Optimizing Diffusion ODE Solvers via Within-Step Parallelism and Order Composition
Abstract
Diffusion model inference can be formulated as the integration of a continuous-time ODE, enabling the use of numerical solvers that efficiently reduce the number of denoising steps. Nevertheless, repeated neural network evaluations remain a major computational bottleneck. Most existing diffusion solvers apply the same numerical integration method across time and rely on sequential function evaluations within each solver step. We explore several solver modifications aimed at improving inference efficiency by relaxing these design choices. First, we study within-step parallelization by relaxing dependencies between function evaluations inside a single step of explicit Runge–Kutta solvers. By reusing a shared state across these evaluations, this approach enables parallel execution within a step at the cost of reduced formal order.

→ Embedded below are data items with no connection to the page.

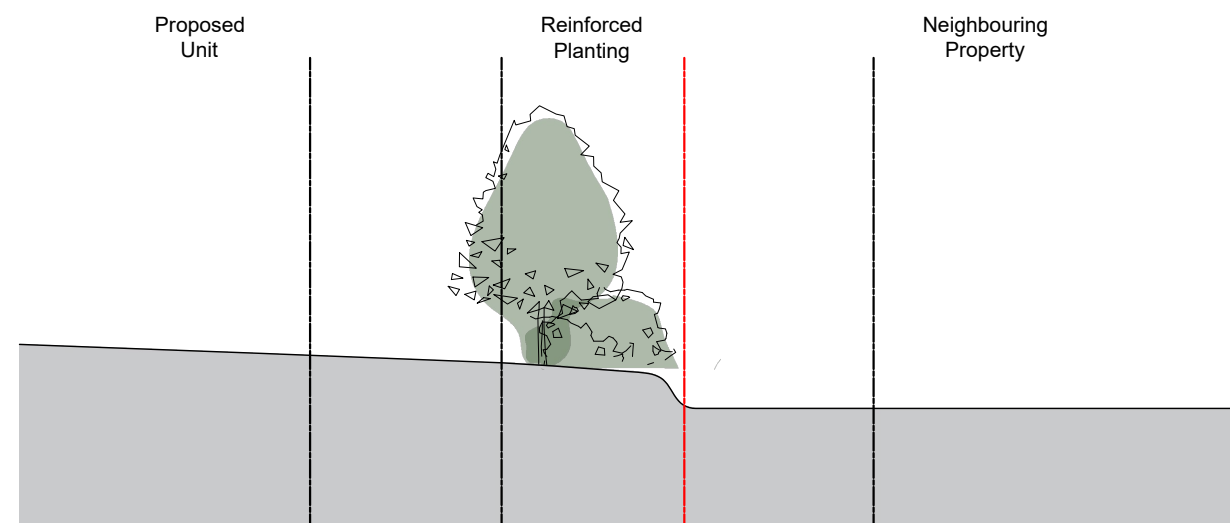
Cross Section B-B
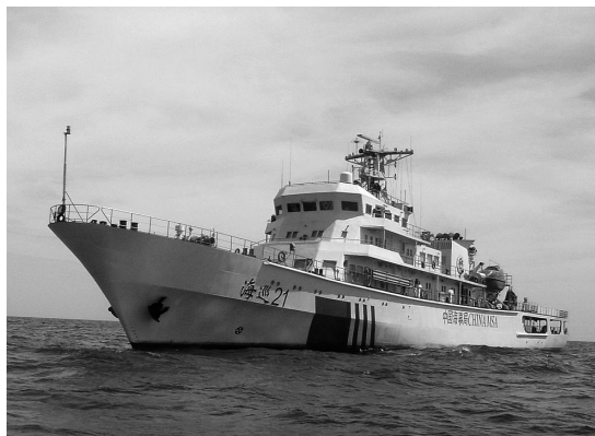
Figure 4: A Patrol Vessel of the Chinese Ministry of Transport (Japan Coast Guard)

Regarding the Chinese maritime security agencies, at least five agencies (the State Oceanic
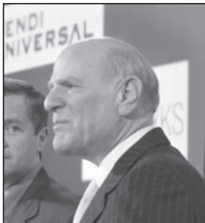
Media Boss Barry Diller: TV, films, theme parks

In 1945, four out of five American newspapers were independently owned and published by local people with close ties to their communities. Those days, however, are gone. Most of the independent newspapers were bought out or driven out of business by the mid-1970s. Today most "local" newspapers are owned by a rather small number of large companies controlled by executives who live and work hundreds or even thousands of miles away. Today less than 20 percent of the country's 1,483 papers are independently owned; the rest belong to multi-newspaper chains. Only 104 of the total number have circulations of more than 100,000. Only a handful are large enough to maintain independent reporting staffs outside their own communities; the rest must depend on these few for all of their national and international news.
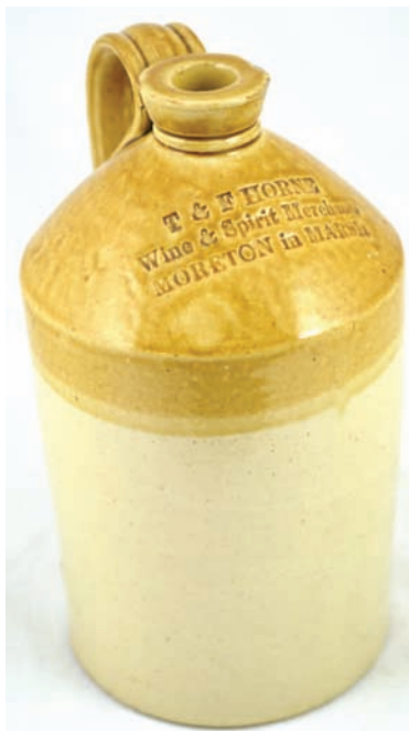
W27. 'MORETON IN MARSH' half gallon flagon. T.t, rear handle. 3 lines of imp'd writing '...Wine & Spirit Merchants/... T & F Hore'. Very good (CM)

We include complementary analyses of parallel exponential solvers in the appendix. Further, we observe that diffusion trajectories evolve unevenly over time and often contain extended regions with limited change. Motivated by this behavior, we propose order composition, which mixes solver orders over time by applying low-order methods in slowly varying regions and higher-order methods only where the trajectory changes rapidly. Together, these findings indicate that carefully exploiting trajectory structure can reduce the computational cost of diffusion inference. Finally, we implemented all proposed solvers within the Diffusers library.